Moore Than This

"Here we are living in paradise, living in luxury..."

Monday, February 06, 2006

I don't care (wash, rinse, repeat)

It's just occured to me that I've written basically nothing about my studies and life in general since I started this semester. Although posting entry after entry of pointless links is a way of life for some blogs, I like to think I still have some connection to the real world. So without further ado, here is a short update on the semester thus far:

As well as Level 4 Japanese, I'm enrolled for Issues in Contemporary Japanese Society and Culture and International Negotiation. They're both pretty interesting, but in very different ways, just as my last two studies courses were different from each other. Issues is a social anthropology-based course, where we take a critical look at different aspects of Japanese society. Probably inspired by my Christmas reading, I wanted to look inside Japanese culture and really inquire, rather than stand outside not knowing (or even worse, acting like I know).

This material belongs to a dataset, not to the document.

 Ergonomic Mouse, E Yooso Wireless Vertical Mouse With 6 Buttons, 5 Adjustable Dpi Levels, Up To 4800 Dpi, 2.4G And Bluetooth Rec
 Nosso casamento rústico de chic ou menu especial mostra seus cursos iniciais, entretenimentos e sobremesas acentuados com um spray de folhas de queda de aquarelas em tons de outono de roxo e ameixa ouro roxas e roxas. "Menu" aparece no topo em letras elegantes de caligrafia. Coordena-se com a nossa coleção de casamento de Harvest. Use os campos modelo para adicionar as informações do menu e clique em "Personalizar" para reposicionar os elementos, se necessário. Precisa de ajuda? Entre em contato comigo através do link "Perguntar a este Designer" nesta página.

Example: I was watching TV in the dining room when a music video by a band called Rip Slyme came on. The look of it was basically identical to the Constructivist/Pythonesque animation/machinery look of Franz Ferdinand's "Take Me Out" video. An American guy beside me started chuckling and said "Wow, you'd only get a video like this in Japan huh?" Sure, I wanted to reply, if by Japan you also mean Glasgow.

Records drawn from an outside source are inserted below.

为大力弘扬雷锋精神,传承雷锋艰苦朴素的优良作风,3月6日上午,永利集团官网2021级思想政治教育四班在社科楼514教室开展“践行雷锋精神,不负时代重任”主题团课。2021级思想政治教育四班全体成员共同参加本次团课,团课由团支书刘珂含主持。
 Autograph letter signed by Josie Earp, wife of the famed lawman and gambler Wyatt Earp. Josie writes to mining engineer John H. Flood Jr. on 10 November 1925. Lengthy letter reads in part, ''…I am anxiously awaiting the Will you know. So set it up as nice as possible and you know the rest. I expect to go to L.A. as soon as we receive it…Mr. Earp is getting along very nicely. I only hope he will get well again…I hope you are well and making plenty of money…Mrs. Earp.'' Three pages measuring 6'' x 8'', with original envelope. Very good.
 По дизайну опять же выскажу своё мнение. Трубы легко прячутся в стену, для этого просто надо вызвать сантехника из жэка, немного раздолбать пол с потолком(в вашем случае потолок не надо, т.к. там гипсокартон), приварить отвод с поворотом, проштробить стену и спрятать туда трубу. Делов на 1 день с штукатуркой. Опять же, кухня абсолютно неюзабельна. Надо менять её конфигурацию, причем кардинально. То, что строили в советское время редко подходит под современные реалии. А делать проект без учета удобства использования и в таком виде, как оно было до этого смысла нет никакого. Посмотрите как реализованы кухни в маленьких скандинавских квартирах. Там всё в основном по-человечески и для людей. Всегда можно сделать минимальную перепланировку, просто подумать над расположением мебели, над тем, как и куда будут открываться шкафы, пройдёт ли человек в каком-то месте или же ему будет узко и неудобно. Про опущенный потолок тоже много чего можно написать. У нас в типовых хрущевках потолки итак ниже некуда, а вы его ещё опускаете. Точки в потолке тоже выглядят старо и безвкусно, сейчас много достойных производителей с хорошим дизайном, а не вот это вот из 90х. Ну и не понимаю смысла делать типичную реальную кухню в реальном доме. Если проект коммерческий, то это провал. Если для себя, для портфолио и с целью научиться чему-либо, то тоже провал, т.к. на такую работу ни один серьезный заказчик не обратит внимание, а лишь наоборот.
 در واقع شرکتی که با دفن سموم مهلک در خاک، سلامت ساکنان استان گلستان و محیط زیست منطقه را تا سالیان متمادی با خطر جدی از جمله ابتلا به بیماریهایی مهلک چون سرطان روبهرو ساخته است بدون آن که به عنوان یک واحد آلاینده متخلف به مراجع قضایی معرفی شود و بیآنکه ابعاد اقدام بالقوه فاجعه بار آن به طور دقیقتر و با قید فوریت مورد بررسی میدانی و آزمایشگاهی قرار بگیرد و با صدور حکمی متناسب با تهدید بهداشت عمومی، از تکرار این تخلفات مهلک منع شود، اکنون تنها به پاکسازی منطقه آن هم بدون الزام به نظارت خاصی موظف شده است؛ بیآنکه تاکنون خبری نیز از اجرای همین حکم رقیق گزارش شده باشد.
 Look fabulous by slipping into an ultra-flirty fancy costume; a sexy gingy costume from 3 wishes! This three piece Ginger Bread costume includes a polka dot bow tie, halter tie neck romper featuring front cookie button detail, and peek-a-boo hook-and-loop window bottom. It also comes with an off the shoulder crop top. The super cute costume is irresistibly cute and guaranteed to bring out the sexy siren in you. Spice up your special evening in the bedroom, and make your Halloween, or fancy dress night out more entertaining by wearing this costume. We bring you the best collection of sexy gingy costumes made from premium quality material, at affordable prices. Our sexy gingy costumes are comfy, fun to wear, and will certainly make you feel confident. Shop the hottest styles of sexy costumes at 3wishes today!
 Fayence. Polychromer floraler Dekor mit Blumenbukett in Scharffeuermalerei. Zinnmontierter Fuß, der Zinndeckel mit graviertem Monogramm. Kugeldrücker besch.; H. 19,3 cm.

International Negotiation is a more hands-on, participatory class than Issues. For our second class we were put in groups and made to do a negotiation exercise involving buying and selling car parts. My partner and I went over the variables beforehand and thought we had a pretty good game plan. However, the negotiation ended up running well into the evening, and by the end all I could think about was my dinner, and how the other party's comically bad grasp of basic mathematics and the English language was keeping me from it. The moral of the story is, eat a big meal before any negotiation. And maybe take in a couple of Cup Noodles to keep you going. Needless to say, I finished the exercise in a bad mood.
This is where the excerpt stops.